Recently, the parties to the lawsuit agreed on a new monitoring and discipline process for officers and supervisors responsible for illegal searches or presenting patterns of problematic behavior.
“We look forward to full implementation in the coming year, which will allow the [Police Department] to proactively identify issues and take the necessary actions,” Kinebrew said.
To Mellon, of the Defender Association, it seems likely that, as officers are increasingly required to document reasons for stopping people, a waft of weed provides convenient cover.
“We are skeptical this is happening,” Mellon said. “We think the Bailey review can be gamed, and we think they’re gaming it.”
Kinebrew said if officers were falsifying reasons for stops, it “would be a violation of Department policy, and would be of great concern to the Department.”

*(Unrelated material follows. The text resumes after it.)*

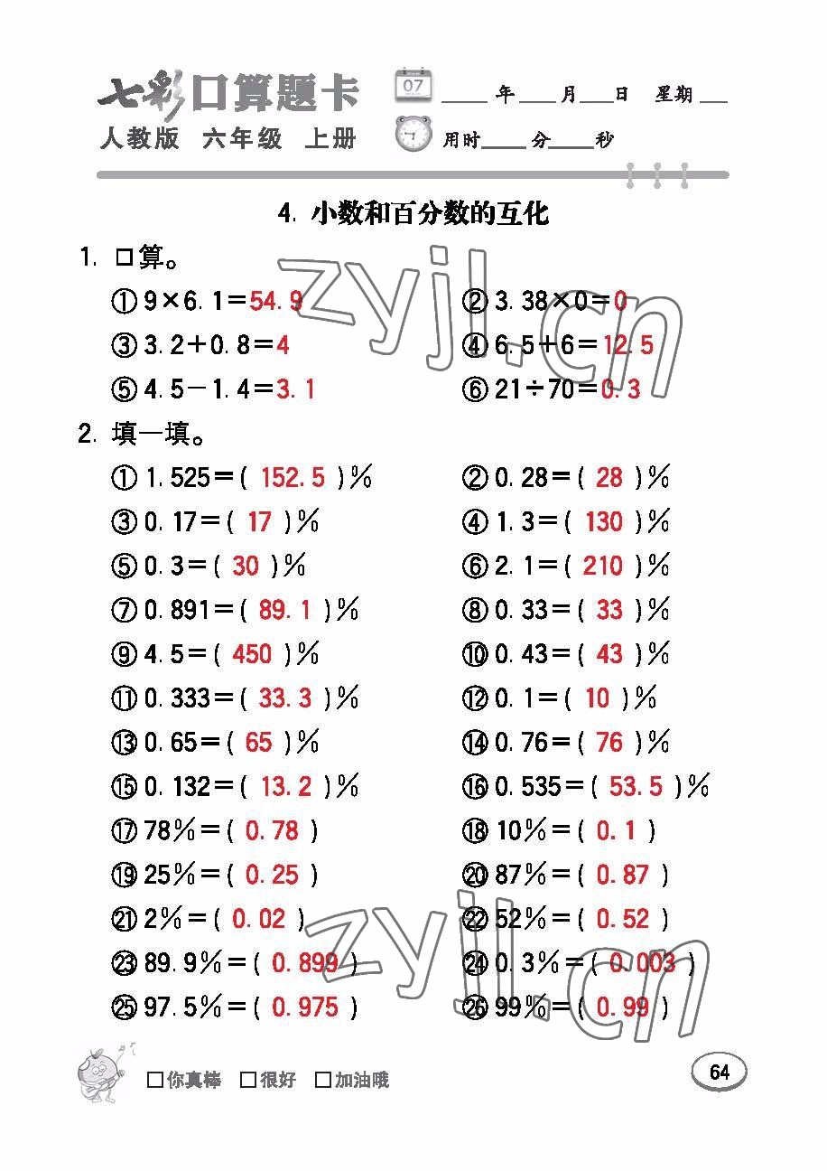 注:目前有些书本章节名称可能整理的还不是很完善,但都是按照顺序排列的,请同学们按照顺序仔细查找。练习册 2022年七彩口算题卡六年级数学上册人教版 答案主要是用来给同学们做完题方便对答案用的,请勿直接抄袭。

The defenders’ analysis adds a new wrinkle to a debate that’s been playing out in Pennsylvania’s appellate courts regarding whether marijuana, detectable in “plain smell,” is sufficient cause for a search, and how the proliferation of legal, medical marijuana could affect that standard.
A Lehigh County judge this year suppressed evidence found in an “odor of marijuana” vehicle search, ruling the search was illegal because a passenger in the car had a medical marijuana card.
Now, the Defender Association and others are arguing that appellate courts should overturn the 2014 state Supreme Court decision, Commonwealth v. Gary, that cleared the way for that search by removing basic protections for drivers in Pennsylvania. Previously, the state had prohibited warrantless searches unless police could identify both probable cause to believe a crime is underway and “exigent circumstances,” requiring fast action. In Gary the court ruled that the smell of marijuana constituted probable cause and a car’s mobility in itself qualified as exigency.
Kinebrew said the police were developing a training bulletin in light of recent court decisions and the growing issue of medical marijuana. (A further complication is a 2019 state Supreme Court ruling that police can’t infer illegal activity from a person’s possession of a gun; many lawyers believe the same logic must apply in marijuana cases.)
“It depends on the facts and circumstances, but a Medical Marijuana card could affect the ability to conduct a lawful search,” he said.
The data analysis from the Defender Association could transform this debate — if courts decide to take it up, said Temple University law professor Jules Epstein.
“There has not been much developed law on whether, if in a particular jurisdiction, the smell of marijuana results in one [recovery] in 10 [searches], or one in 20, or one in three ... to say, ‘What’s the hit rate?’ and then say going forward that is or is not probable cause,” he said. “The truth is courts haven’t done data-based probable-cause analysis, at least to my knowledge. Given all the data about stop-and-frisk, one could make a very good argument to say we should.”